Every ordinal $\alpha>0$ can be expressed uniquely as
$$\alpha=\omega^{\beta_1}\cdot k_1+\omega^{\beta_2}\cdot k_2+\cdots+\omega^{\beta_n}\cdot k_n$$
where $\beta_1>\beta_2>\cdots>\beta_n$ and $k_1>0,k_2>0,\cdots,k_n>0$ are finite.
Does my attempt look fine or contain logical flaws/gaps? Any suggestion is greatly appreciated. Thank you for your help!
My attempt:
Existence
Assume that $\xi$ can be expressed as normal form for all $\xi<\alpha$.
Let $\beta=\max\{\xi\in\rm Ord\mid\omega^\xi\le\alpha\}$. Then there is $\delta$ and $\rho<\omega^\beta$ such that $\alpha=\omega^\beta\cdot\delta+\rho$. Since $\rho<\omega^\beta$, $\rho<\alpha$ and thus $\delta>0$. I claim that $\delta$ is finite. If not, $\delta$ is infinite and thus $\delta\ge\omega$. Then $\omega^{\beta+1}=\omega^\beta\cdot\omega\le\omega^\beta\cdot\delta\le\alpha$ and thus $\omega^{\beta+1}\le\alpha$. This contradicts the maximality of $\beta$. Thus $\delta$ is finite.
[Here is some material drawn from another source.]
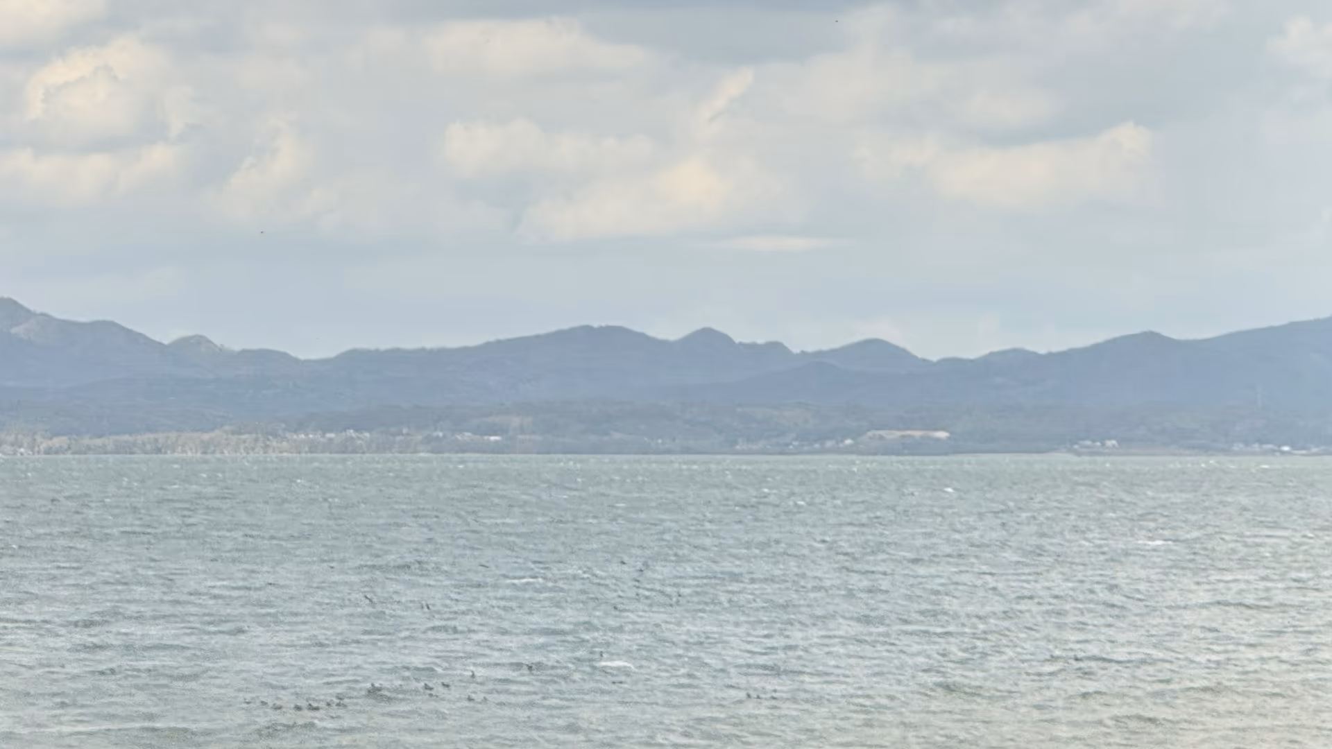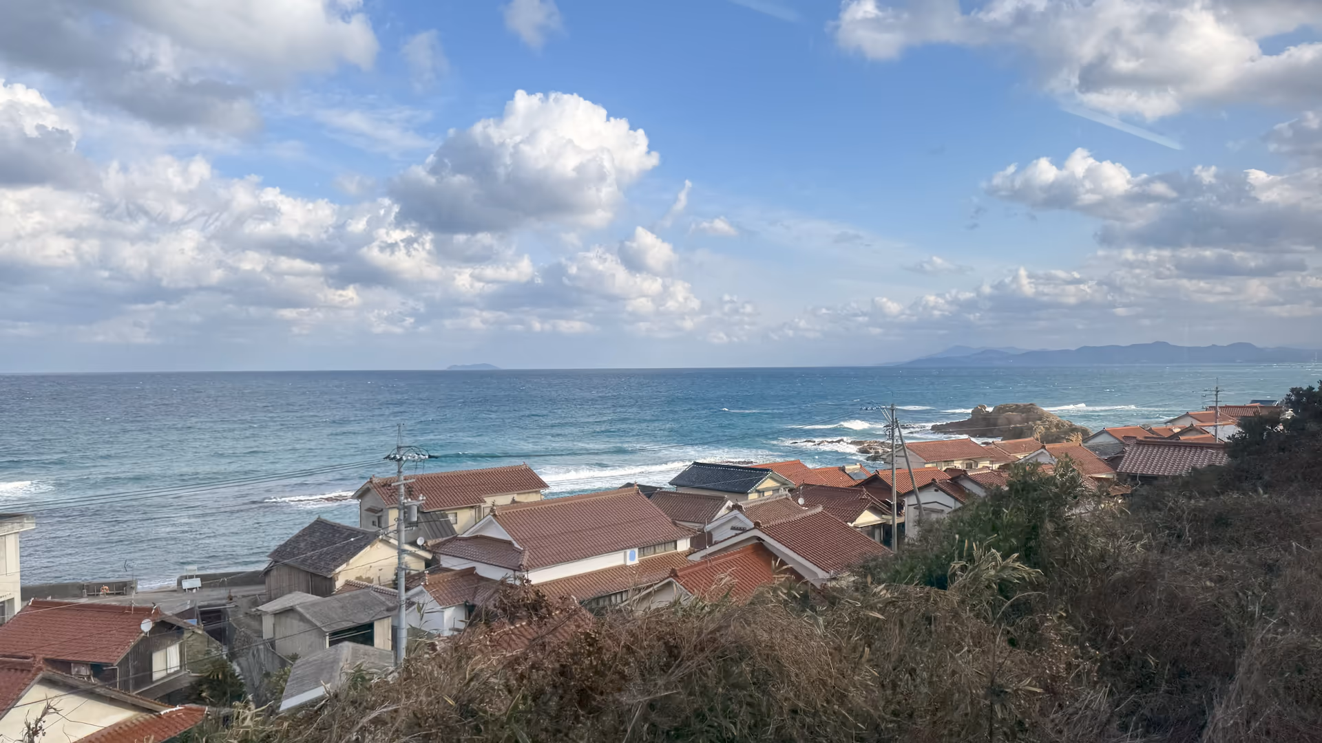 夜が明けると海側に陸地が見えてきます。向津具(むかつく)半島というらしいです。

Let $\beta_1=\beta$ and $k_1=\delta$. If $\rho=0$, then $\alpha=\omega^{\beta_1}\cdot k_1$. If $\rho>0$, then $\rho=\omega^{\beta_2}\cdot k_2+\cdots+\omega^{\beta_n}\cdot k_n$ for some $\beta_2>\cdots>\beta_n$ and finite $k_2,\cdots,k_n>0$ by inductive hypothesis. We have $\omega^{\beta_2}\le\rho<\omega^{\beta_1}$, then $\beta_2<\beta_1$. As a result, $\alpha=\omega^{\beta_1}\cdot k_1+\omega^{\beta_2}\cdot k_2+\cdots+\omega^{\beta_n}\cdot k_n$ as desired.
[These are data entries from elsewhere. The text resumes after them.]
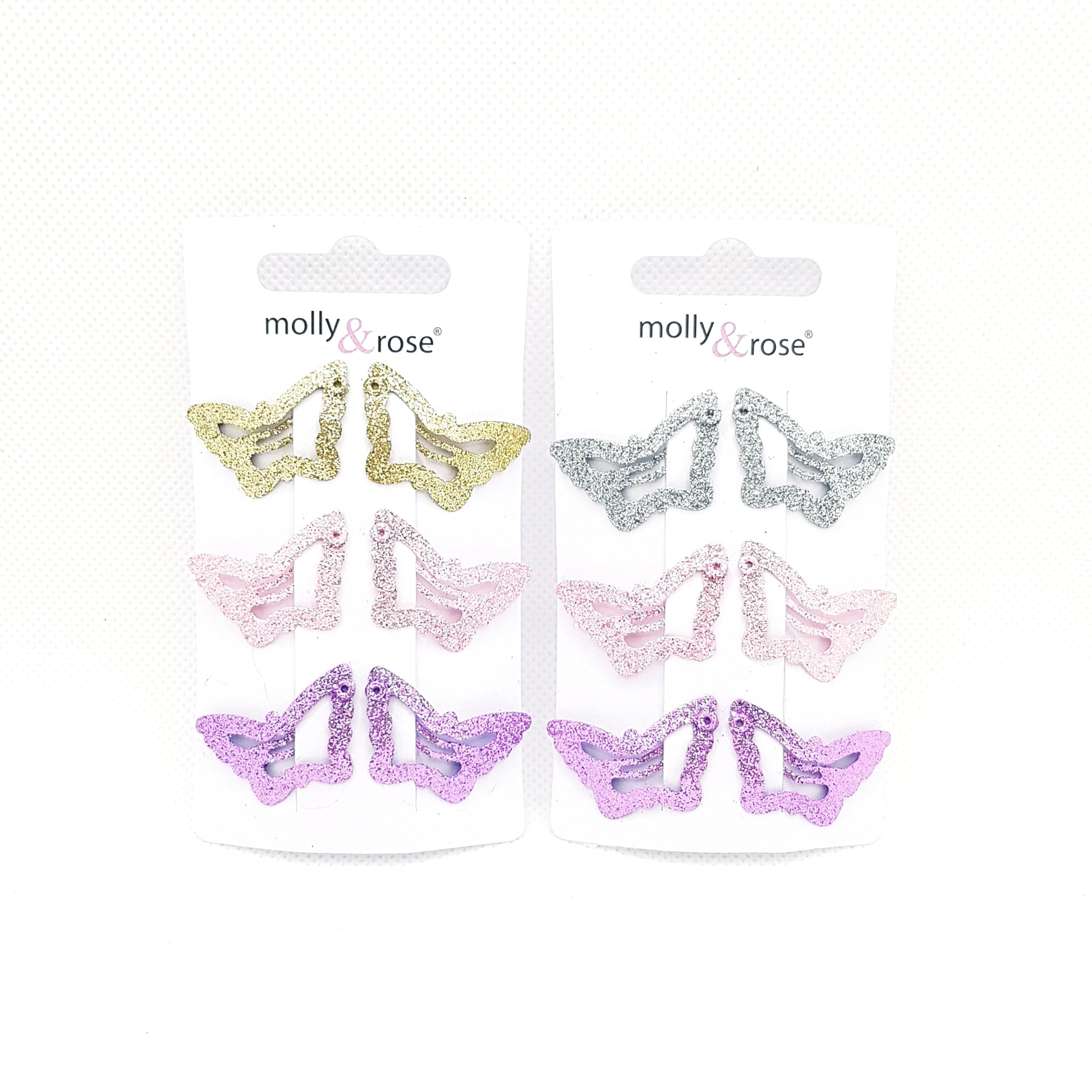 Molly & Rose sommerfugle hårklemmer pyntede med glimmer.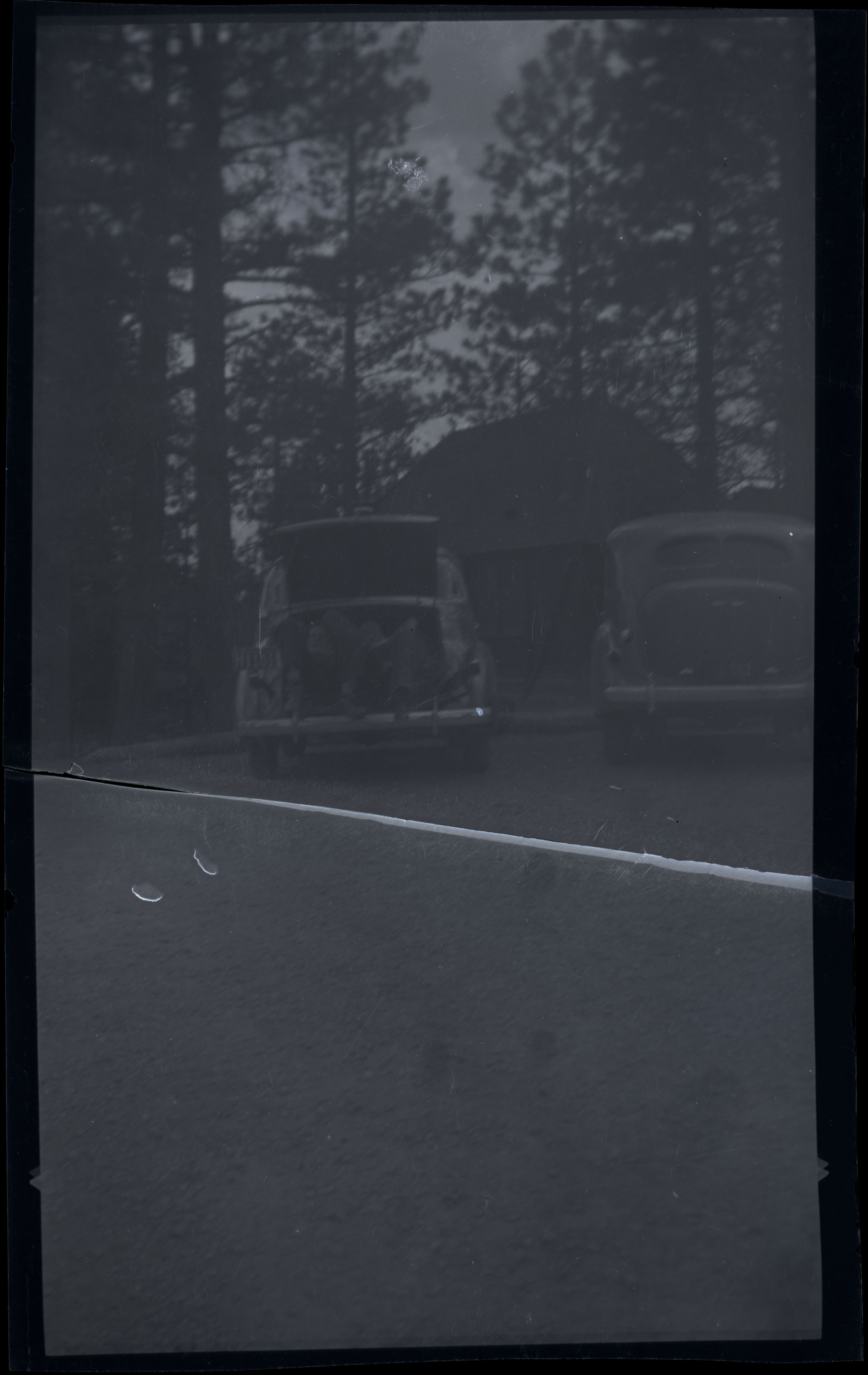 Nitrate negative of parking lot in BRCA. Two passenger vehicles facing away from the camera. Two men lying in the trunk of one of the vehicles. Small building behind vehicles, possibly a NPS cabin. ; BRCA Museum and Archives Image BRCA8875_001_154 ; BRCA 8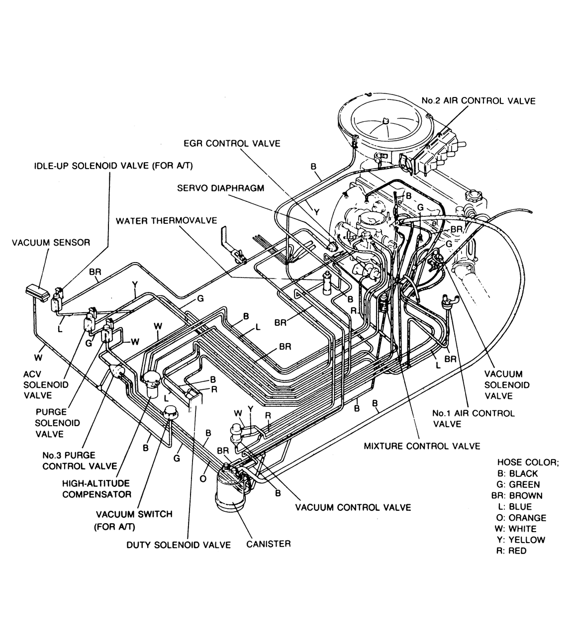 Fig. 2: Vacuum hose routing for the B Series Pickup models equipped with the 2.6L engine |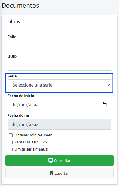 - Serie: campo desplegable para seleccionar la serie de facturación que se desea consultar.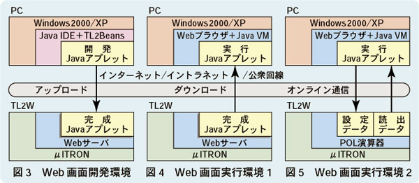 1)インターネット、イントラネット、構内LAN、CATV網、地域IP網、公衆電話回線、ISDN、PHS、DoPaなど、普及した様々の通信インフラを活用する。 2)Web画面方式とEメール方式をとることによって、管理コンピュータや携帯電話側には標準的なWebブラウザやメール受信ソフトさえあればよく、ユーザー固有のアプリケーションソフトを必要としない。 TL2Wには標準機能として7つのWeb画面が組み込まれていて、ユーザーは導入後直ちに利用することができます。さらに必要に応じて、ユーザー固有のグラフィックWeb画面(Javaアプレット)を簡便に作成して併用することができます。本稿では、このアプリケーション画面の作成手順と機能の実現方法を例題画面図2と表1によってご説明します。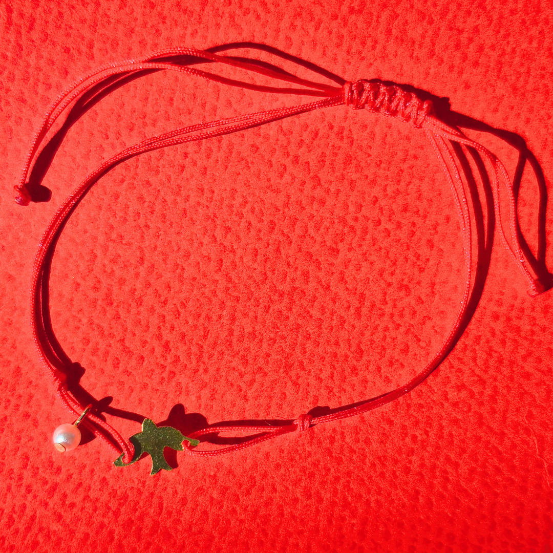 Κόκκινο Βραχιόλι με Μεταλλικό Μπρούτζινο Χελιδόνι και Μακραμέ Κούμπωμα

We observed that $\beta<\gamma\implies\forall k\in\omega:\omega^\beta\cdot k<\omega^\gamma$. This is because $\omega^\beta\cdot k<\omega^\beta\cdot\omega=\omega^{\beta+1}\le\omega^\gamma$. It follows that if $\alpha=\omega^{\beta_1}\cdot k_1+\omega^{\beta_2}\cdot k_2+\cdots+\omega^{\beta_n}\cdot k_n$ is in normal form and $\beta_1<\gamma$, then $\alpha<\omega^\gamma$.
Uniqueness
Assume that the normal form of $\xi$ is unique for all $\xi<\alpha$.
Let $\alpha=\omega^{\beta_1}\cdot k_1+\omega^{\beta_2}\cdot k_2+\cdots+\omega^{\beta_n}\cdot k_n=\omega^{\gamma_1}\cdot l_1+\omega^{\gamma_2}\cdot l_2+\cdots+\omega^{\gamma_m}\cdot l_m$. The previous observation implies that $\beta_1=\gamma_1$. Let $\delta=\omega^{\beta_1}=\omega^{\gamma_1}$, $\rho=\omega^{\beta_2}\cdot k_2+\cdots+\omega^{\beta_n}\cdot k_n$, and $\sigma=\omega^{\gamma_2}\cdot l_2+\cdots+\omega^{\gamma_m}\cdot l_m$. Then $\alpha=\delta\cdot k_1+\rho=\delta\cdot l_1+\sigma$ where $\rho<\delta$ and $\sigma<\delta$. Thus $k_1=l_1$ and $\rho=\sigma$. By inductive hypothesis, the normal form of $\rho$ is unique and thus $m=n$, $\beta_2=\gamma_2,\cdots,\beta_n=\gamma_n, k_2=l_2,\cdots,k_n=l_m$. It follows that the normal form of $\alpha$ is unique.
"The previous observation implies that $\beta_1 = \gamma_1$." I don't see that. For the existence part, I don't see any errors.
Also, this looks similar to the proof in section 3 of the excelent article "A short introduction to Ordinal Notations", by Simmons. It's freely available online; you should check it out. (Are you doing a thesis on ordinal notations?)
I like Simmon's way of writing the proof because it feels more like an algorithm :-). However, it's basically the same as yours.